The conversation was joined – in sign language – by our oldest foster-child here on a visit. She is twenty now, educated and independently minded. She is without speech or hearing but the rest of her senses are acute. ‘They look through your clothes’, she signed. It took me a second or two to decode what she had said and I translated for those who did not sign. There were nods from the women around the table, and muttered agreement from the men.
Sharing this perception later with several men and women I know and work with there was a remarkable congruity in their opinion, and it matched that of my family members. Men (not all men I have to stress) are perceived to see women disrespectfully, as sexual objects first and as women and societal members secondarily. Goras, it seems, are thought to see women differently, not to view them in a predatory way and therefore ‘safe’. It is safe because the men around will know while observing an interaction between a gora man and a woman that it is less likely that anything untoward or ungentlemanly in going on in the mind of the gora thus engaged. Women will be aware of this (not always accurate) perception of safety and proceed accordingly.

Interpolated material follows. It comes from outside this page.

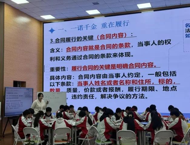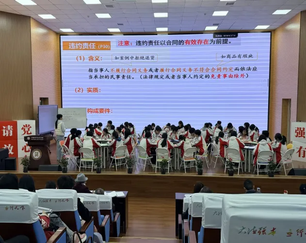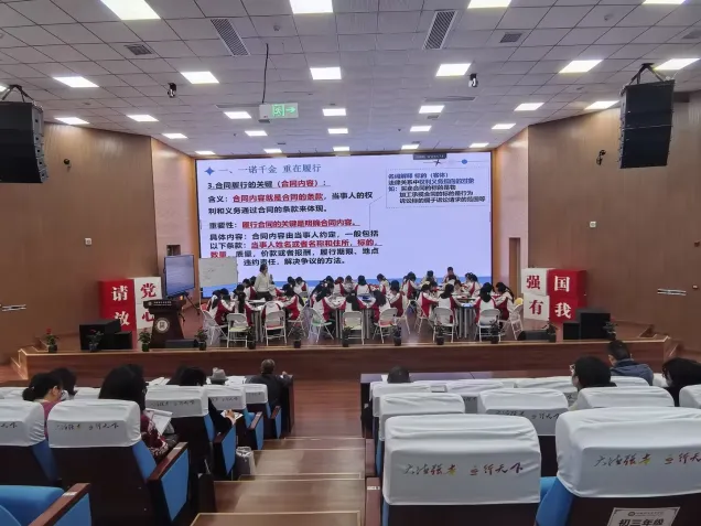 在同课异构教学展示环节,三位教师围绕“有约必守,违约必责”这一课题,呈现了三节风格各异、各具匠心的精彩课堂。
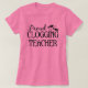 Süßer stolzer verstopfenlehrer im Schwarzen mit T-Shirt

There is a danger in taking gross generalisations such as this as immutable truths, but I sense that at least in part there is a grain of truth in it. Outside of the family most of my personal interactions here are with men. I hear and see them in their unguarded moments and understand enough of what I am hearing and seeing to know that yes, my Pakistani foster-child was right. ‘They look through your clothes’. Uncomfortable for any woman, anywhere.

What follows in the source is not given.